When volume cap was devised, they forgot one thing: inflation.

WASHINGTON - If anyone tells you that states are allowed to allocate the greater of $50 per capita or $150 million under the private-activity bond volume cap each year, don't believe them.

It's really the greater of $41.25 or $120.8 million.

Was there a misprint in the 1986 volume cap law? No, $41.25 and $120.8 million are inflation-adjusted figures, a point that a top official of the Public Securities Association raised last week in testimony presented to a House Ways and Means subcommittee hearing.

"In real terms, the value of volume caps actually decreases each year." R. Fenn Putman, the vice chairman of PSA and a managing director at Lehman Brothers, told the subcommittee on select revenue measures.

"Without any conscious federal policy decision, the value of state volume caps has fallen by nearly 20% in just five years," Putman said in his statement. "Under current law, inflation will continue to erode their value, and fewer and fewer projects will be able to be financed."

When Congress was drafting the Tax Reform Act of 1986, little thought was given to how assigning a constant-dollar figure to the volume cap would cause it to lose value in subsequent years. The law mandated a $75-or-$250 million cap in 1987, which dropped in 1988 to the current $50-or-$150 million limit.

Indexing the cap for inflation would "take some of the pressure off and provide a mechanism for the volume cap to keep pace with rising construction costs and increased financing needs," said Aurel Arndt, the general manager of the Lehigh County Authority in Allentown, Pa. Arndt was also testifying before the subcommittee, representing a dozen state and local organizations.

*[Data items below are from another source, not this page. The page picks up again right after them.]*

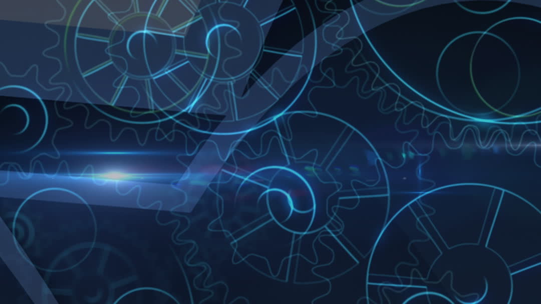 Animation depicting glowing gears over a blue beam, symbolizing the concept of futuristic technology and mechanism. Ideal for use in presentations, technology-oriented websites, or educational materials highlighting innovation, digital mechanics, or engineering projects.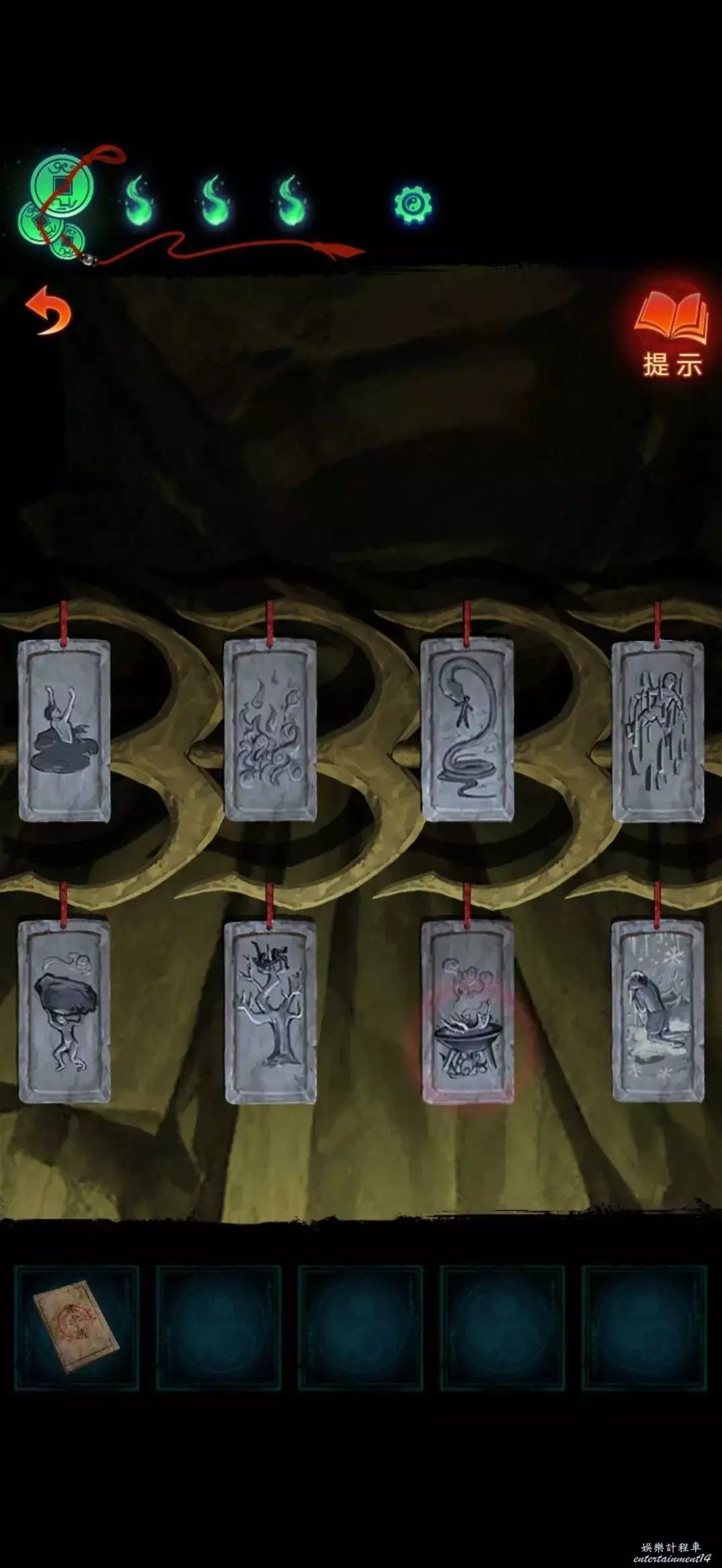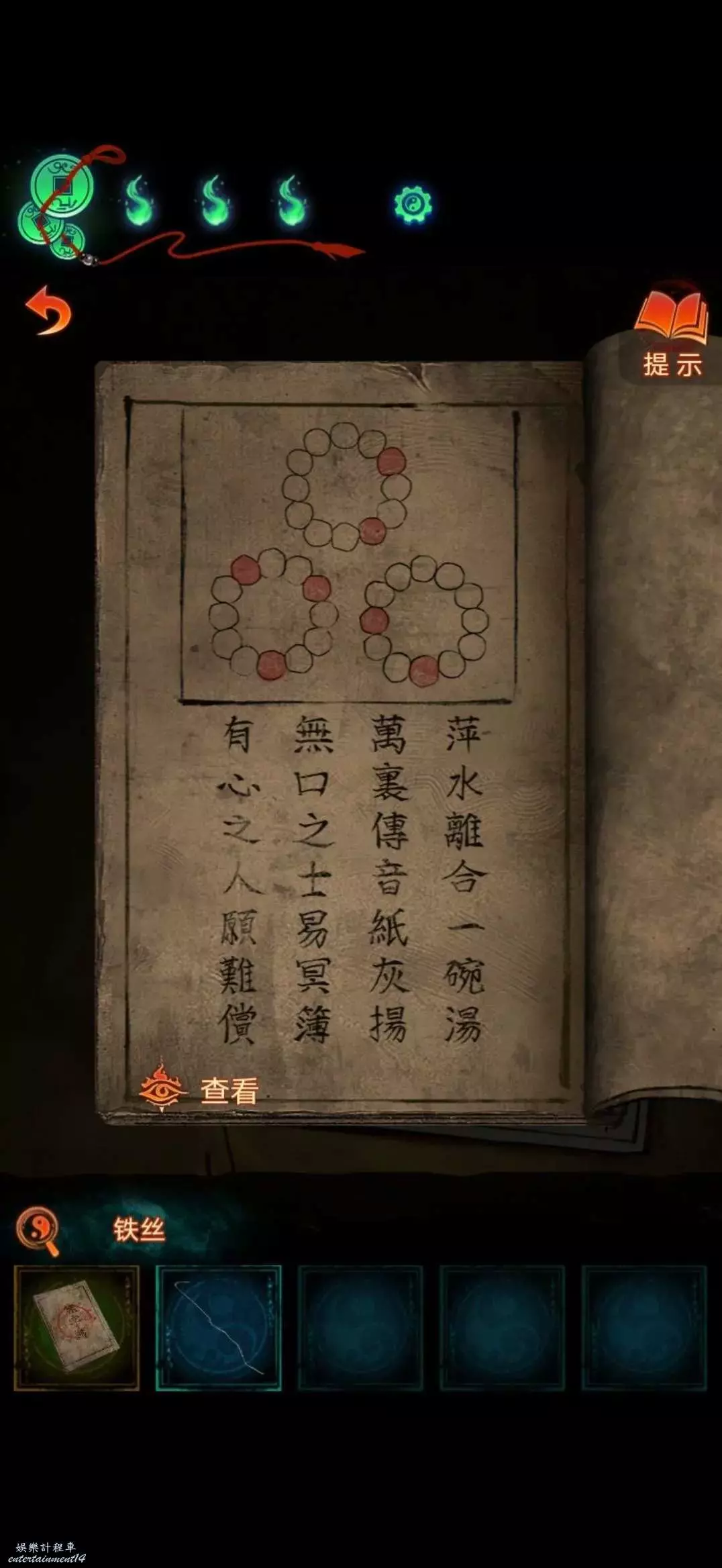 進入大門對面前雕像使用空白冥籍完成小遊戲對空白冥籍使用苦味原料,然後跟據書中線索轉動桌上手串獲得經文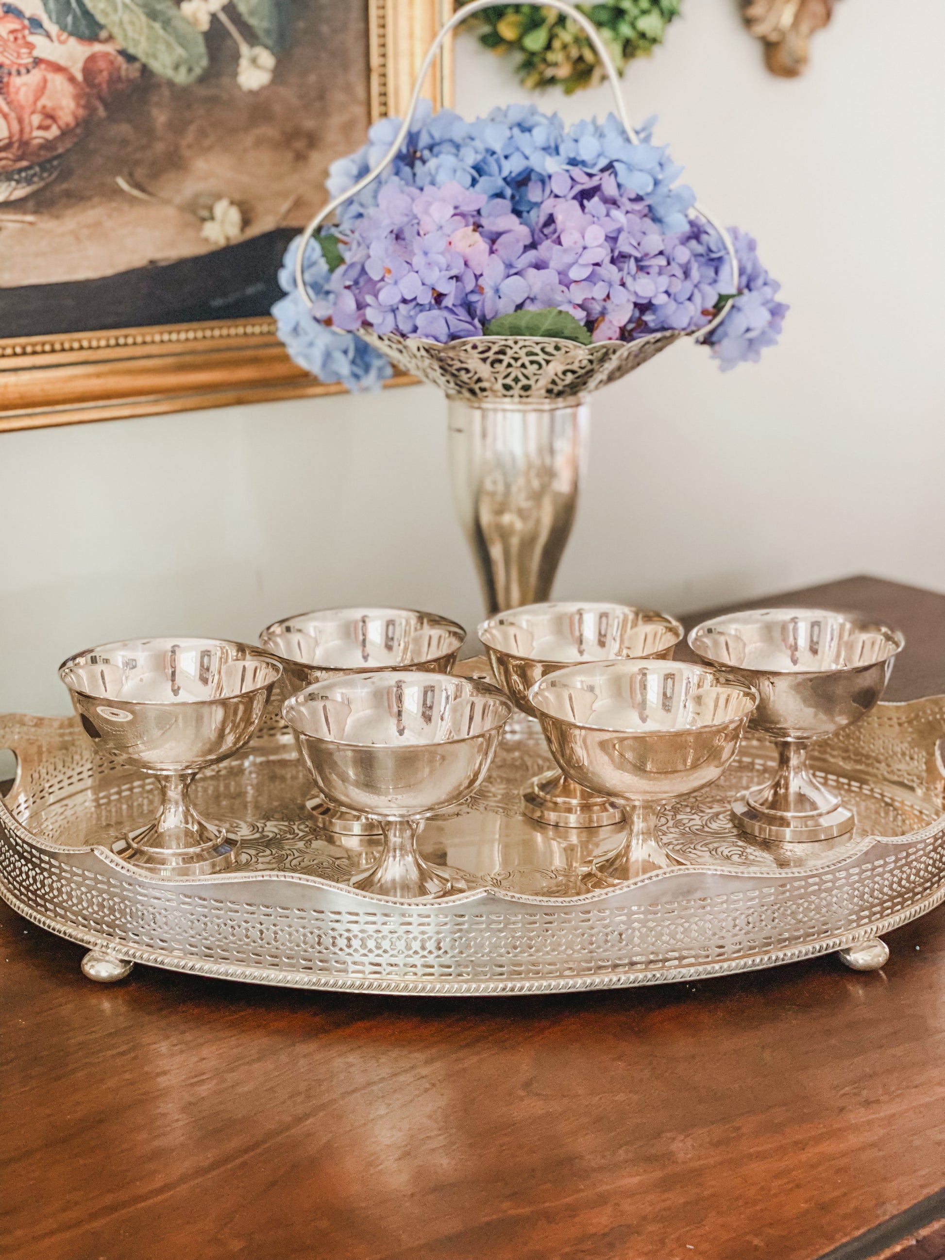 Here is a delightful set of 6 heavy vintage silverplate dessert serving cups with a delightful pedestal vase. What an elegant presentation for fruit or dessert! Each is 3.5" x 4" heavy. These have some wear from use but in otherwise wonderful vintage condition (does not include tray pictured)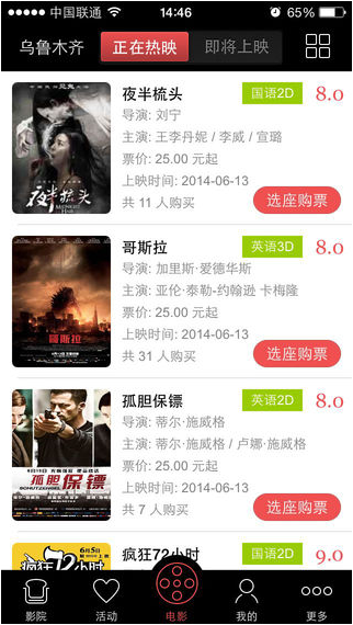 5.支持各大影院的通兑票购买,让您有更多的观影选择;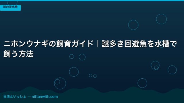 川の淡水魚 ニホンウナギの飼育ガイド|謎多き回遊魚を水槽で飼う方法 2026年3月30日 nittantoissyo 日淡といっしょ この記事でわかること ニホンウナギの生態・生活史と「謎多き回遊魚」と呼ばれる理由 水槽での飼育方法(環境設定・水質管理・えさやり …

Inflation's erosion of the volume cap is just one facet of a larger problem Putman and Arndt brought out in their testimony: that the cap is simply too tight in many states. Though lobbyists have complained a bit during the past few years, there has been little talk of the problem on Capitol Hill and no concerted lobbying effort to ease the cap.

That's because the two biggest users of the cap, issuers of mortgage revenue bonds and small-issue industrial development bonds, have been fighting for their lives. Each year they have faced a termination date for those exemptions and have been busy trying to keep them from expiring. This year, the situation is even more acute, with the two tax breaks having expired June 30, 1992.

Mortgage bond and IDB proponents probably would have more time to pursue the volume cap issue if Congress made the authority to issue those bonds permanent. There is a chance that could happen this year, as the House version of President Clinton's budget and tax package includes permanent extensions. The Senate bill, however, would renew the two exemptions only through June 30, 1994.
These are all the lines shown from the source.